# Aim of the task:
In the records that follow, the lines from the one containing "Material: 4mm Sicherheitsglas" to the one containing "2、一站式招聘服务:从职位发", inclusive, are to be given again exactly.

# Data listing:
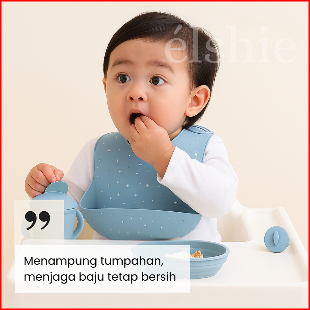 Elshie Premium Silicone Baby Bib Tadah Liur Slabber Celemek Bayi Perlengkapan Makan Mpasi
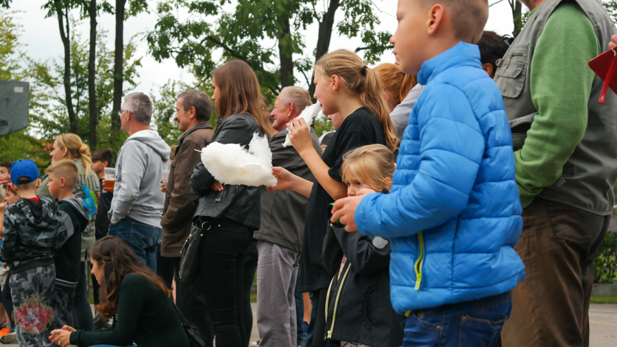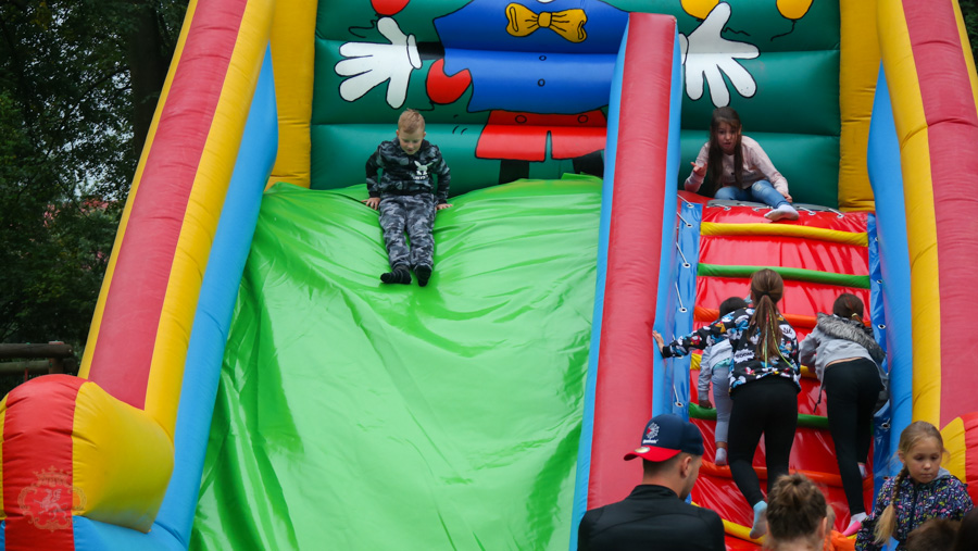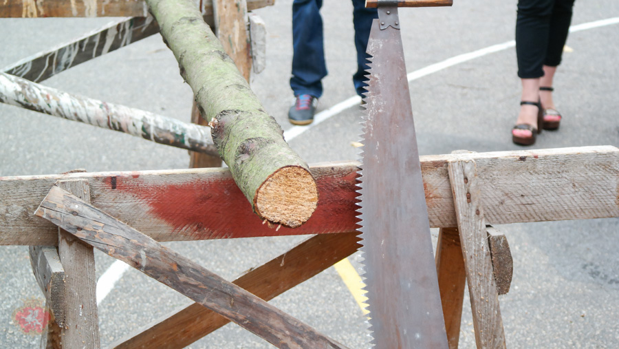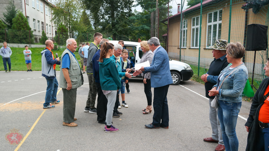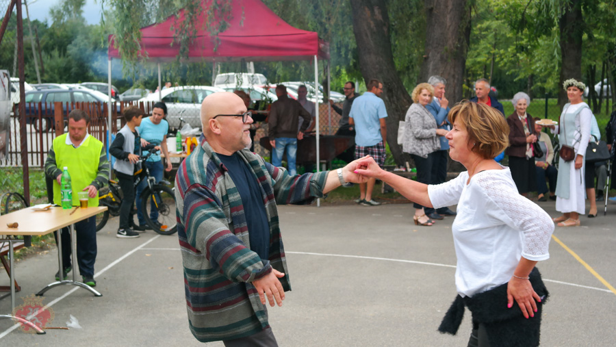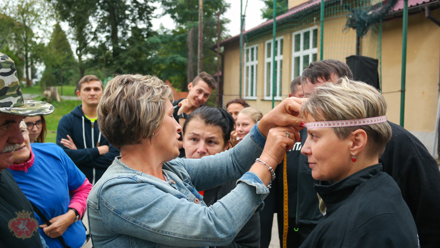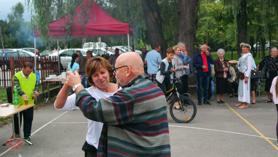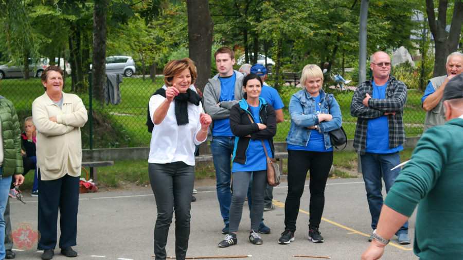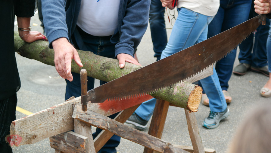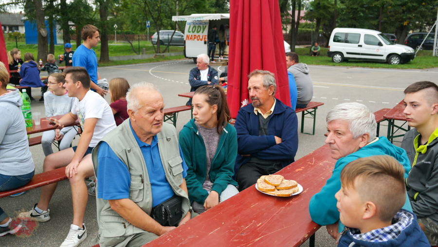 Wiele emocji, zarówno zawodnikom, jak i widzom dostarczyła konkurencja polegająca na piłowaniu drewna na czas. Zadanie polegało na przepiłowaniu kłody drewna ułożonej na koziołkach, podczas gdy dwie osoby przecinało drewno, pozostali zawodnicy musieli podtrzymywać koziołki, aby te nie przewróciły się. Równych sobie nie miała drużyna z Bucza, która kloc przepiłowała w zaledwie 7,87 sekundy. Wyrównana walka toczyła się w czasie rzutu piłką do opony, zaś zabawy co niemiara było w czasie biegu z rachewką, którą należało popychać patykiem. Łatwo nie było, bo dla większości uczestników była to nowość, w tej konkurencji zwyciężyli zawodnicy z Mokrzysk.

---

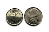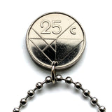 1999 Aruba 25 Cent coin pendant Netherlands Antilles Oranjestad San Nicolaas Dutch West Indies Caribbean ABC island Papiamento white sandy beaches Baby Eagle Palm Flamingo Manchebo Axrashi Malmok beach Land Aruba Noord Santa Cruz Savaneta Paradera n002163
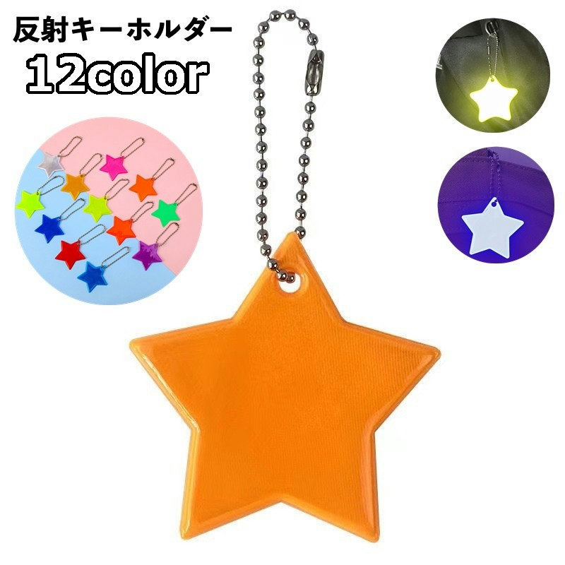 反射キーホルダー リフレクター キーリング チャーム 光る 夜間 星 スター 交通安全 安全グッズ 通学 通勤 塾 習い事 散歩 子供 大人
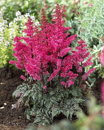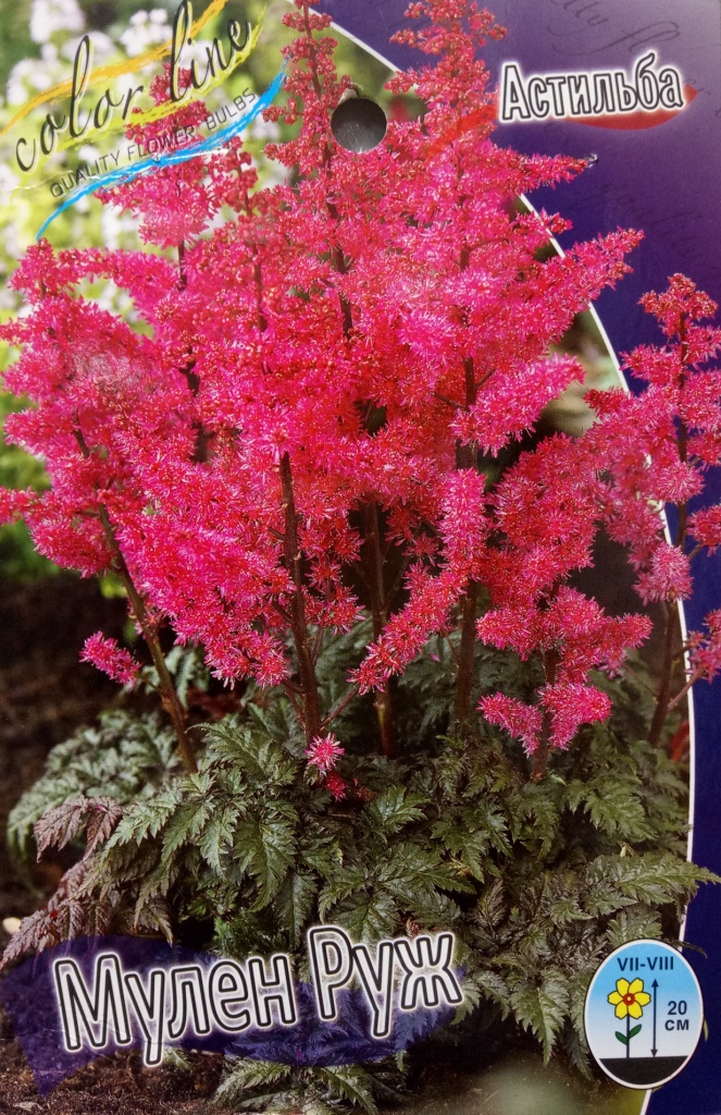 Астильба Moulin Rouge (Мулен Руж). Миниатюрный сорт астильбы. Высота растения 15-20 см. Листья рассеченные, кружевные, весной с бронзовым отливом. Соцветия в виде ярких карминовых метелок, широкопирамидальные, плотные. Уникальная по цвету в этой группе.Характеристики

--

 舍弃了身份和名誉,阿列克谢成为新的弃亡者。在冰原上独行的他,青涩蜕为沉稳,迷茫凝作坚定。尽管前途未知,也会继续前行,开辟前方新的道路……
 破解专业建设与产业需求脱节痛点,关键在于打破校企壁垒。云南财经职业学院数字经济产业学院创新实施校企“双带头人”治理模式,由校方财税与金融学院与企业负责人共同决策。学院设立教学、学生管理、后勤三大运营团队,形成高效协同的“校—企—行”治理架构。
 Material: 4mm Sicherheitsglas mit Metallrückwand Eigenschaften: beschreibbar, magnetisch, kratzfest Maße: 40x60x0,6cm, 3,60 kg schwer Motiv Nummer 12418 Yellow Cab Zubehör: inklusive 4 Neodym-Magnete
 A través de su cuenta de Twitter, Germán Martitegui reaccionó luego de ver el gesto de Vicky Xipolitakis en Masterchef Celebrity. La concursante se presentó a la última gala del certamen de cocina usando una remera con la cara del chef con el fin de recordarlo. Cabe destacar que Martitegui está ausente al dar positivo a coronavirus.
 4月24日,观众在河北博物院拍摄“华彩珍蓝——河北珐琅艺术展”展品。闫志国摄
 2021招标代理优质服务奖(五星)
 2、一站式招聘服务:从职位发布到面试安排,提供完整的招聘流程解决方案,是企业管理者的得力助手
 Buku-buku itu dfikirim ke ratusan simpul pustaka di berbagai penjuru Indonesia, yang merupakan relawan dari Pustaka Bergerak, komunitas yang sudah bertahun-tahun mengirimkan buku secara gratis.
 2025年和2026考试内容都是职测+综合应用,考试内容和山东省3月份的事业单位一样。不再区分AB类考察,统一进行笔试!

# Solution for this problem:
 Material: 4mm Sicherheitsglas mit Metallrückwand Eigenschaften: beschreibbar, magnetisch, kratzfest Maße: 40x60x0,6cm, 3,60 kg schwer Motiv Nummer 12418 Yellow Cab Zubehör: inklusive 4 Neodym-Magnete
 A través de su cuenta de Twitter, Germán Martitegui reaccionó luego de ver el gesto de Vicky Xipolitakis en Masterchef Celebrity. La concursante se presentó a la última gala del certamen de cocina usando una remera con la cara del chef con el fin de recordarlo. Cabe destacar que Martitegui está ausente al dar positivo a coronavirus.
 4月24日,观众在河北博物院拍摄“华彩珍蓝——河北珐琅艺术展”展品。闫志国摄
 2021招标代理优质服务奖(五星)
 2、一站式招聘服务:从职位发布到面试安排,提供完整的招聘流程解决方案,是企业管理者的得力助手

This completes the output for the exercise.